Linkedin and its user environment aso has the tendency to be extremely optimistic which oftentimes borders on toxic positivity. There is immense pressure from fellow professionals, linkedin gurs and influencers that push people to “look at the bright side.”
They disregard the fact that their reality- their losses and struggles- are not the same for other people. The messages of “brushing it off” that is often found floating around Linkedin does no good for someone else who is experiencing loss. It disregards that some people take longer to heal. It does not empathize with people and their experience of loss and defeat.
How to cope with Linkedin related stress
Here are some things you can do to cope with stress related to linkedin use. These tips require active effort to create balance so that you are able to control the use of linkedin rather than Linkedin controlling you.
Delete the app
Linkedin can be used on desktop, if you find yourself spending late nights scrolling through linkedin on your phone, delete the app. This will make your reach to the app harder as we often click on apps mindlessly.
Better not to use the site at all unless you need to update your connections, your resume, and for job searches. Use it as a tool for the purposes it was made for- to connect and to employ.
Make use of your privacy controls
There are many settings that allow you to control who can see your profile.

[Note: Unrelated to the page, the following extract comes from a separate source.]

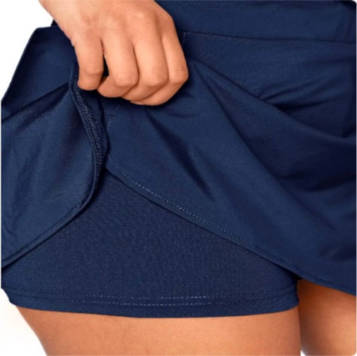 - Spódnica z wewnętrznymi spodenkami, która charakteryzuje się wygodą i elastycznym pasem dla lepszego dopasowania.

If you are insecure about your own resume- and it’s normal if you are-you can limit people from checking your profile out. You can even block spams and toxic influencers that promote hustle culture without much regard for well-being.
Control screen time
If it is absolutely necessary that you be on Linkedin, limit your screen time- give yourself a specific time limit. Some phones have the ability to force stop apps when it crosses the time limit- make use of that.

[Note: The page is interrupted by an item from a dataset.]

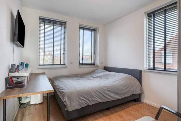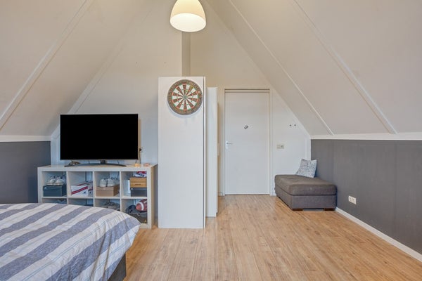 Slaapkamer 4 is afgewerkt met een laminaat vloer, gesauste wanden en plafondplaten. De slaapkamer is voorzien van een knieschotkast.

It has become increasingly difficult for us to disregard social media as a whole, everything has moved online- including recruitments, job opportunities, and learning.
If you think that Linkedin can be a boost to your professional life- which it can- practice mindfulness as you spend time on it.
Be mindful of how you feel when you are on the site, the things that you think about yourself and others. Be mindful of how much time you spend on it and what it is doing to your relationships, your work ethic, and yourself.
Through mindfulness you will be able to separate yourself from the world behind the screen- be it credible or fake- and depersonalize your sense of self with and well-being.
In this guide we have discussed the effects of linkedin on mental health and some of the things you can do to cope with the depression and anxiety induced by linkedin related stress.
Frequently asked questions related to “Linkedin makes me depressed (Tips on how to cope with Linkedin related stress)
Why is LinkedIn bad for mental health?
Linkedin, like any other social media platform, when used without mindful consumption can lead you to compare yourself and your accomplishments with that of your professional peers. Continued comparisons can lead to negative self-appraisals and lowered sense of well- being.
Should I leave LinkedIn?
If you have a secure job, and you find that you spend time on Linkedin to simply compare yourself with others and it’s affecting your mental health- it could be time for you to get yourself off linked in until you need it for job searches.
Why is LinkedIn so important?
LinkedIn is a platform to gain and share knowledge. It gives you a platform to know more information about the industry you work in, connect with other professionals and possible employers which makes it an important part of your career- especially since most recruiters require linkedin profiles.
Is LinkedIn toxic?
LinkedIn when used without mindful attention can become a toxic social media platform like any other- it can cause you to compare with others and the glorification of hustle culture can cause stress, burnout, and mental distress.